Six months might as well be an eternity, but Cal had been right about another thing: I wouldn’t quit. I needed the money, and I enjoyed a challenge.
That, and I’d never felt as alive as I did when the whole weight of his attention was bearing down on me. With trembling hands, I unpacked my new laptop and got to work.
EIGHTEEN
CALLUM
The emails started flooding in aroundone o’clock that afternoon. “ATTN ALL,” one of them read in the subject line, “NEW STANDARD OPERATING PROCEDURE FOR REQUESTING FLIGHTS.”
She’d copied in the whole company.
Slightly incredulous, I opened the enclosed document and saw that Deena had scrapped all the checks that I normally did on our company’s travel arrangements, and instead moved all the managerial tasks to her own desk. She didn’t want me to have any oversight whatsoever. She was insane.
I stood and was at her door within seconds—and I stopped short.
Taped to the outside of her office door was a copy of her employment contract, with one section highlighted: “EMPLOYEE shall have full managerial control to oversee and amend procedures with relation to travel and accommodation.”
I ripped the document off her door and shouldered my way inside. Deena sat behind her desk, click-clacking her new laptop’skeyboard, her eyes on the screen. “I’ll be with you in just a moment,” she said, then dramatically pressed a button and looked up to give me a beaming smile. My pocket buzzed a millisecond later.
I held her gaze for a moment, then pulled my phone out to see another email with her name on it. “SURVEY: All staff to complete enclosed document and return to Deena by COB.”

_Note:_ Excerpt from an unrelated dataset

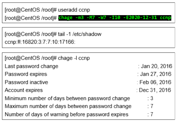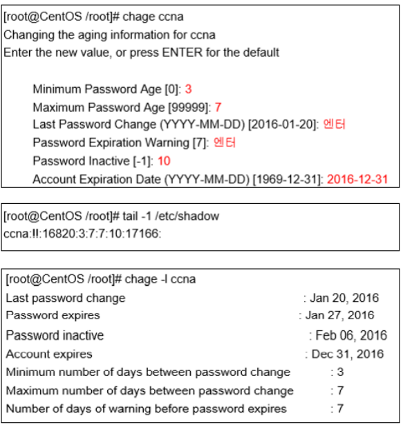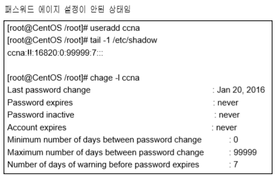 주기적으로 패스워드를 강제로 변경하기 위해서 사용하는 설정이다. 현재 ccna계정은 암호최대변경주기가 99999일이기 때문에

“That’s so I can get a sense of everyone’s preferences, so I can work that into their profiles to streamline the booking processes. I noticed that you don’t have a database with everyone’s information.”
“You can’t just change things without telling me, Deena.”
She tilted her head, blinking innocently. “I think I can, actually. It says it right there in my contract. The one you’re holding in your hands right now.”
Our gazes clashed. She was doing this on purpose to push my buttons. Grinding my teeth, I crumpled the contract into a ball and tossed it in her wastepaper basket.
“Rude, but okay.”
“What’s your game?”
“Game?”
“You’re doing this to drive me crazy.”
“Do you think it might be possible that not everything is about you?”
I arched a brow.
She smiled in response. “Maybe your current process is clunky and inefficient, requires too much manual oversight by you, and as a result leads to missed connections, overbooked hotel rooms, and clients being poached right out from under your nose.”
My chest burned with the truth of her statements. “I want to be involved.”
“I know you do, honey,” she said, turning back to her screen. “That’s why I copied you on the email.”
I was at her desk without even realizing I’d moved closer. “That’s not what I meant,” I told the top of her head. She didn’t look up from her laptop, and I found myself staring at the twists of rich chestnut and glints of blond tumbling in waves down her back. A tendril of hair had fallen against her cheek, and she brushed it aside before typing something.
From my vantage point, I could see the way her pants pulled across the hips, and how the light filtered through the gauzy fabric of her blouse to reveal the shape of her shoulders and arms. She’d worn that on purpose to torture me, I was sure. I was like a bull, losing control at the sight of red.
I thought hiring her would give me the chance to break her down and win her over. It was a hunt, and she was my prey. But now I didn’t know who was in control anymore.
Deena finally blinked up at me, uncowed. “You hired me because you needed help, Mr. Frost. If my particular brand of helpfulness is too much for you to handle, feel free to terminate my contract.”
“And pay out six months’ salary.”
She smiled. “No hard feelings, I promise.”